→ WORK TO BE COMPLETED:
What you return must be the data below, word for word, without any images.

→ PROVIDED MATERIAL:

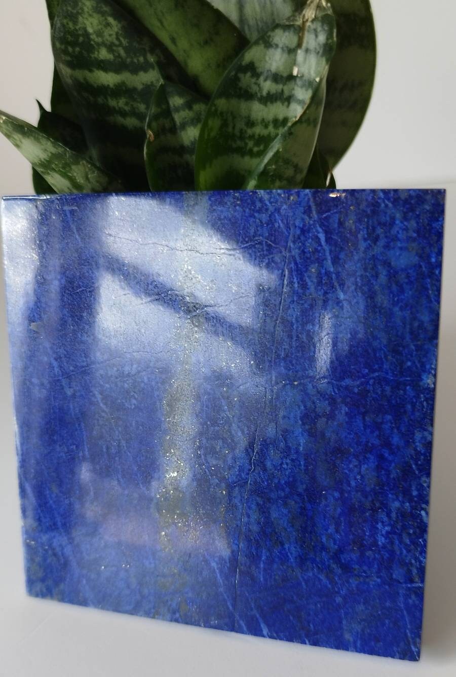 Unlike other Lapis Lazuli tiles, the ones we sell come from a whole stone for each individual pile, meaning the design of the tile is much more polished, cleaner, without a void of the royal blue theme, and it does not look like multiple small pieces of lapis were just put together. This is truly one of a kind, and is also much more durable than the mosaic ones.
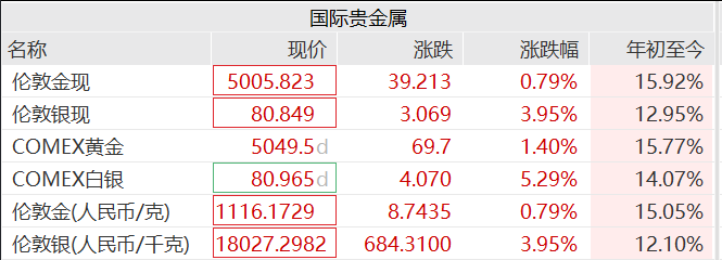 贵金属方面,现货黄金、现货金银快速走高,现货黄金盘中涨超1.5%,突破5040美元/盎司,现货白银向上触及81美元/盎司,涨近4%。国内贵金属期货大涨,铂涨超9%,沪银涨超8%。
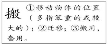 1.“般”字读“bān”,我猜“搬”的读音是_________。通过查字典,我知道了“搬”字在此处的意思是( )。(填序号)

→ RESPONSE BOX:
 Unlike other Lapis Lazuli tiles, the ones we sell come from a whole stone for each individual pile, meaning the design of the tile is much more polished, cleaner, without a void of the royal blue theme, and it does not look like multiple small pieces of lapis were just put together. This is truly one of a kind, and is also much more durable than the mosaic ones.
 贵金属方面,现货黄金、现货金银快速走高,现货黄金盘中涨超1.5%,突破5040美元/盎司,现货白银向上触及81美元/盎司,涨近4%。国内贵金属期货大涨,铂涨超9%,沪银涨超8%。
 1.“般”字读“bān”,我猜“搬”的读音是_________。通过查字典,我知道了“搬”字在此处的意思是( )。(填序号)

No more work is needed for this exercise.